[Start of Attachment]

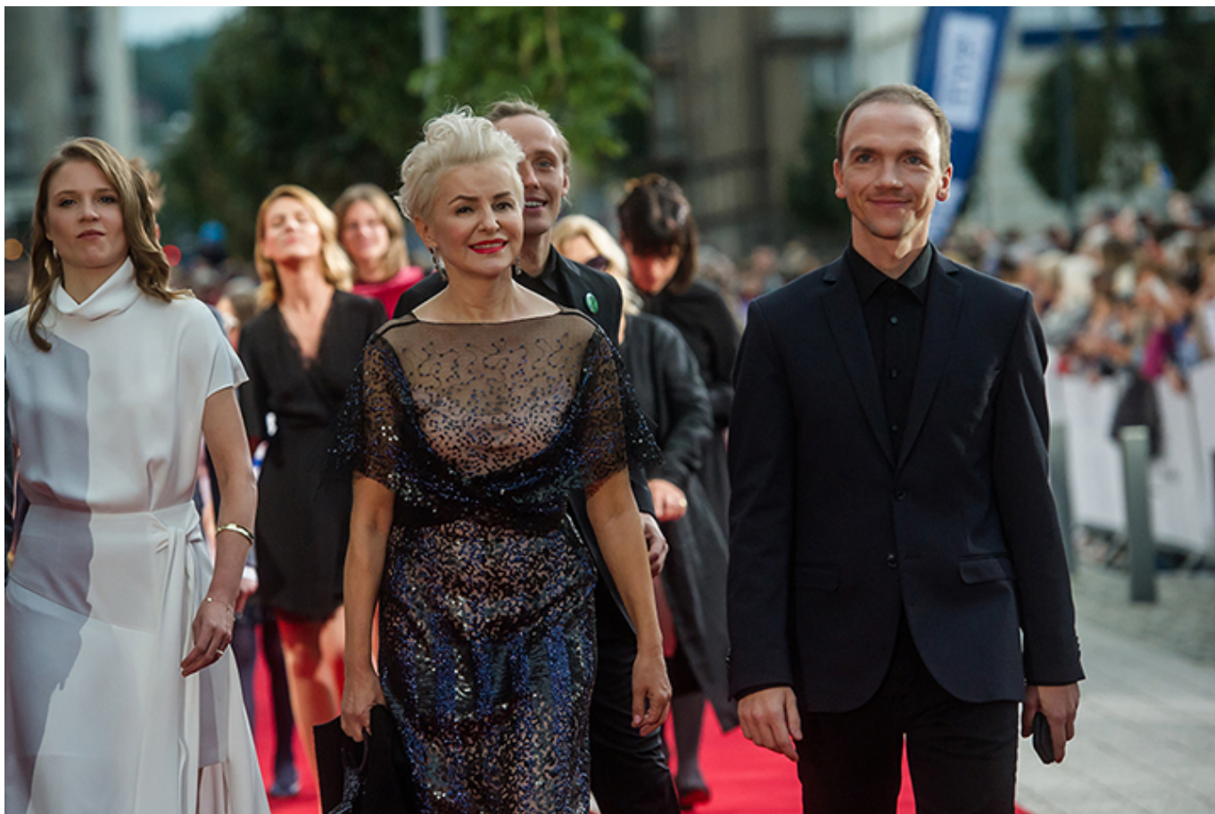
Gdynia. Teatr Muzyczny. 44. Festiwal Polskich Filmów Fabularnych w Gdyni. Gala zamknięcia. Nz twórcy filmu pt. „Boże ciało”. Aktorka Aleksandra Konieczna oraz Jan Komasa. 20.09.2019
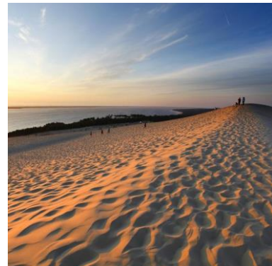
Abbildung 2 Les Dunes du Pilat
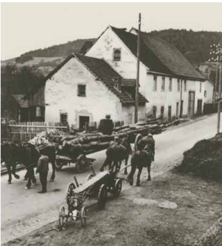
Das Unterdorf von Weizen, undatiert.

Im Jahr 1353 hören wir von einer Mühle im Unterdorf (Schnidermärtli), eben falls im Besitz von St. Blasien. (»uf der múli gelegen ze Witzen, die gehöret in das kein ampt des gochzuses von sant Blesien«). Der Ort gehört zu dieser Zeit zu der Landgrafschaft Stühlingen.
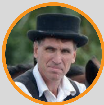
Denis Beaumelle Les Attelages de la Bièvre
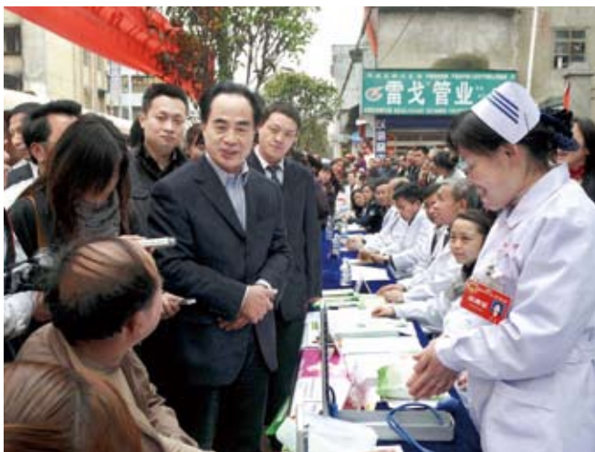
重庆市人大常委会主任陈光国（中）带领部分市人大代表走上街头，询问医生为百姓义诊情况
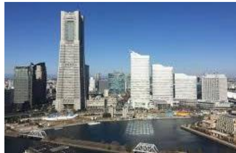
Minato Mirai 21 District (Kanagawa – Urban new town on reclaimed land)
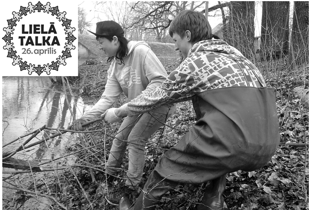
☒ Katru gadu Lielajā talkā aktīvi iesaistās arī novada nevalstiskās organizācijas. Attēla: "Mums pieder pasaule" jaunieši kopj Svitenes upes krastus
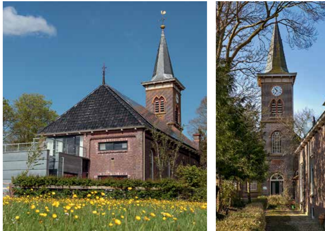
Auszeit unterm Glockenturm: Nach vier Monaten Umbau wurde aus der leerstehenden Kirche anno 1908 eine Unterkunft für Urlauber. Der neue Anbau dient als Terrasse und beherbergt drei Schlafzimmer.

Eine Kanzel im Esszimmer, eine Orgel in der Küche und ein Gewölbe an der Decke: In Friesland in den Niederlanden wurde eine ehemalige Kirche zur Ferienwohnung umgebaut.
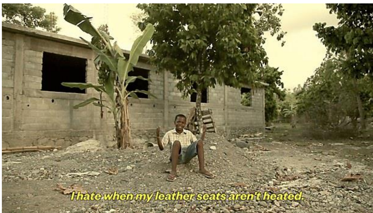
Slika 5. Kadar iz videa First World Problems Anthem

prikazuje djecu i osoblje sirotišta koji žive u nehumanim uvjetima dok istovremeno govore, primjerice, kako ne vole kada im je kuća toliko velika da im trebaju dva routera ili kako im smeta kada im kožna sjedala nisu grijana (YouTube, 2021.). Smisao ovoga je prikazati kontrast između visokog životnog standarda i uvjeta ljudi koji žive u tzv. zemljama prvog svijeta i siromaštva i svakodnevne borbe za preživljavanje s kojom se suočavaju mnogi ljudi u zemljama trećeg svijeta. Stoga je organizacija kreirala svoj hashtag naziva #HelpSolveRealProblems kako bi bar privremeno zamijenio onaj drugačije konotacije #FirstWorldProblems. Tako je kampanja i dobila naziv „Hashtag Killer“. Cilj ovog oglasa bio potaknuti ljude na akciju u vidu doniranja novca organizaciji koja, kao što je ranije spomenuto, osigurava pristup pitkoj vodi siromašnima.
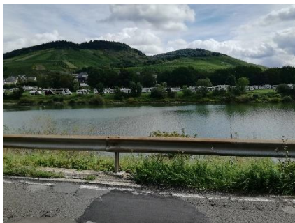
Vi ser over Mosel til Camperpladsen

Vi havde god tid og nød morgenmaden, inden vi fik cyklerne taget ned fra camperen og gjort klar. Chico's vogn blev samlet og sat fast på min cykel, og kl. 10.45 kunne vi trille af sted i det dejlige vejr. Havde besluttet os for at tage en lille rundtur med 2 broer, så vi kunne køre langs Mosel på begge sider af floden.
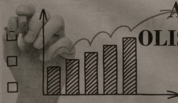
AHOLI ASOSAN QUYIDAGI MAQSADLARDA RO'YXATGA OLINADI:
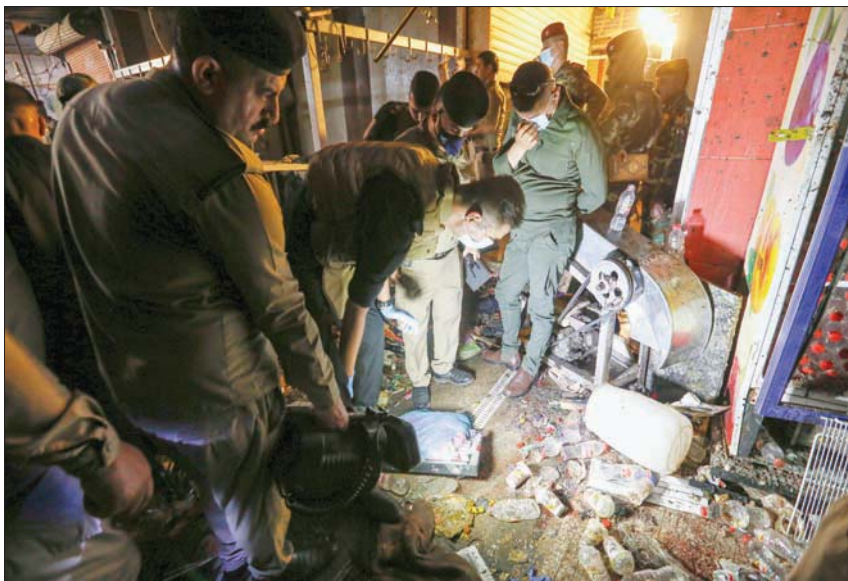
رجال أمن يعالون موقع الانفجار شرق بغداد أمس

بشكل غير مسبوq عبر الحرائق التي طالت القطاع الصحي بدءاً من الوزارة نفسها عبر مقرها في بغداد ومستشفى الحسين في الناصرية الذي خلف مئات الضحايا بين قتيل وجريح، وقبله بنحو شهرين ونصف الشهر مستشفى ابن الخطيب ببغداد، حيث خلفت الحرائق فيه مئات القتلى والجرحى أيضاً.
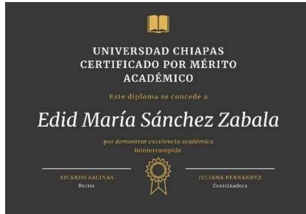
Imagen 3: certificación en idiomas

Mi lengua materna es zoque a un 80% tanto escrita como hablada además de dominar el inglés tanto escrito como hablado en un 70% cuento con una certificación para poder ejercer ambos idiomas como traductor interprete certificado. Imagen 3
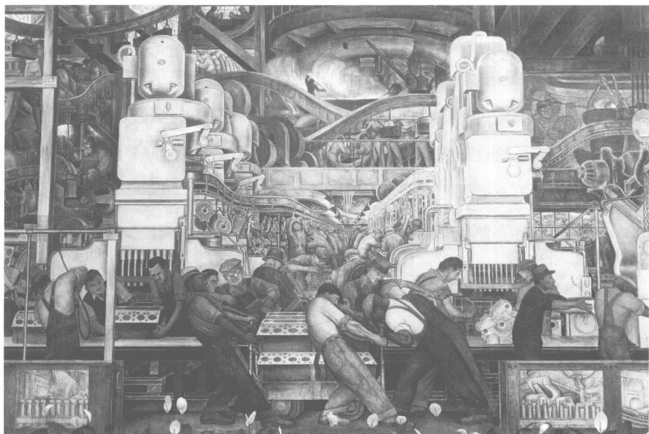
迭戈·里维拉的《底特律工厂》，在工厂里，身体成为机器的部件。
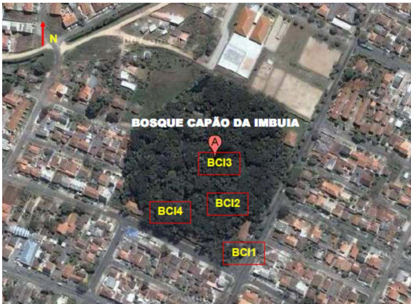
Figura 1S. Vista aérea das áreas de amostragem em Curitiba-PR com indicação da localização dos pontos de amostragem; a) Passeio Público - PP1, PP2, PP3 e PP4; b) Bosque Capão da Imbuia - BCI1, BCI2, BCI3 e BCI4; c) Praça Ouvidor Pardiniho - POP1 e POP2.
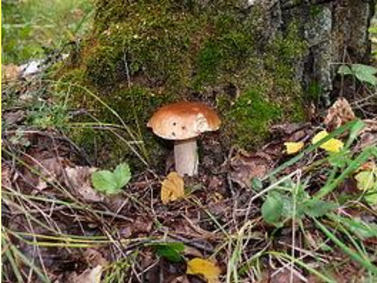
Белый гриб берёзовый
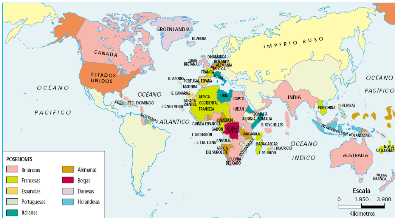
La expansión imperialista hacia fines del siglo XIX

Finalmente, hay que mencionar que algunas zonas fueron ocupadas debido a su posición estratégica, es decir, por encontrarse próximas a un estrecho, a una ruta comercial marítima o terrestre. Un ejemplo de esto es la intervención de Gran Bretaña en Egipto para controlar el Canal de Suez y la ruta hacia la India.
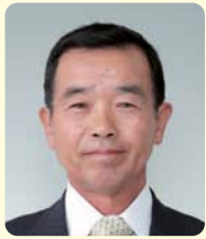
議長 野村 康治
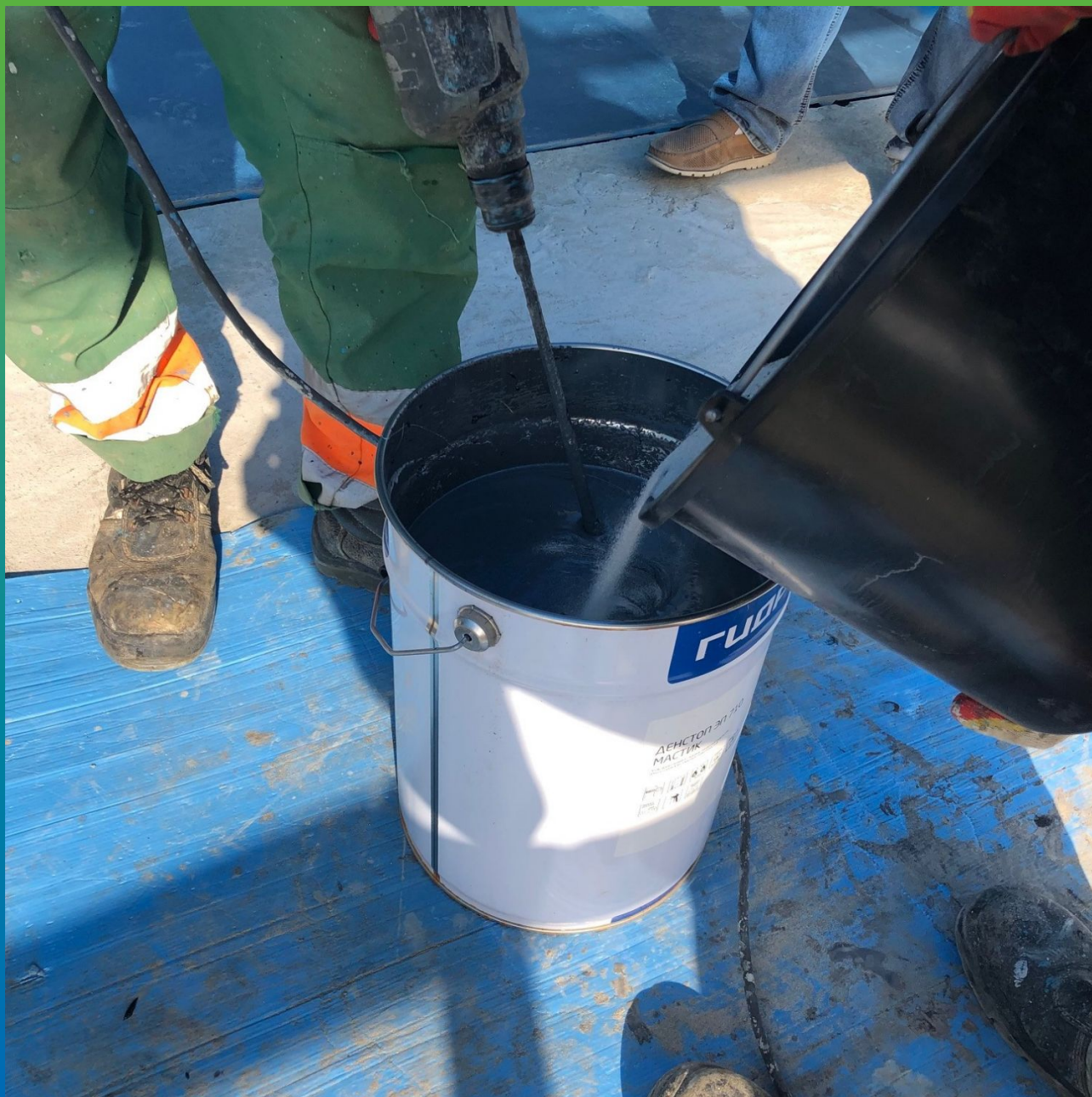
Добавление заполнителя в ДенсТоп ЭП 710 Мастик
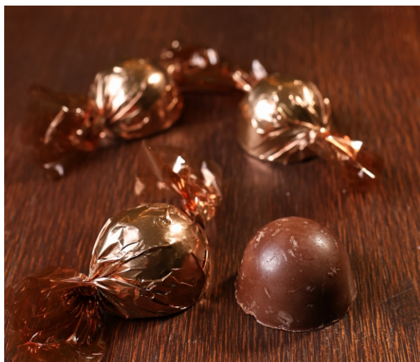
Bombom ao leite 20g CHOCOLATE AO LEITE 30% CACAU CÓD 1414 - R$ 3,50
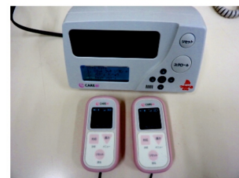
ナースコール設備取替
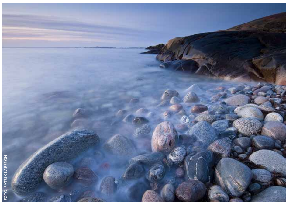
Saltö, Strömstad, fotograferad i december klockan 08:35 12mm, bländare 16,0, 20s, ISO 100

– När solen går upp har man någon futtig timme på sig att fotografera, säger Patrik Larsson. Då är ljuset mjukt och eftersom solen står lågt på himlen blir skuggorna långa och intressanta. Det är den där första timmen på morgonen

[End of Attachment]

● EXERCISE BRIEF: Read the entries and select each line where the word "Kirche" is found.

● RESULT OF THIS EXERCISE:
Auszeit unterm Glockenturm: Nach vier Monaten Umbau wurde aus der leerstehenden Kirche anno 1908 eine Unterkunft für Urlauber. Der neue Anbau dient als Terrasse und beherbergt drei Schlafzimmer.
Eine Kanzel im Esszimmer, eine Orgel in der Küche und ein Gewölbe an der Decke: In Friesland in den Niederlanden wurde eine ehemalige Kirche zur Ferienwohnung umgebaut.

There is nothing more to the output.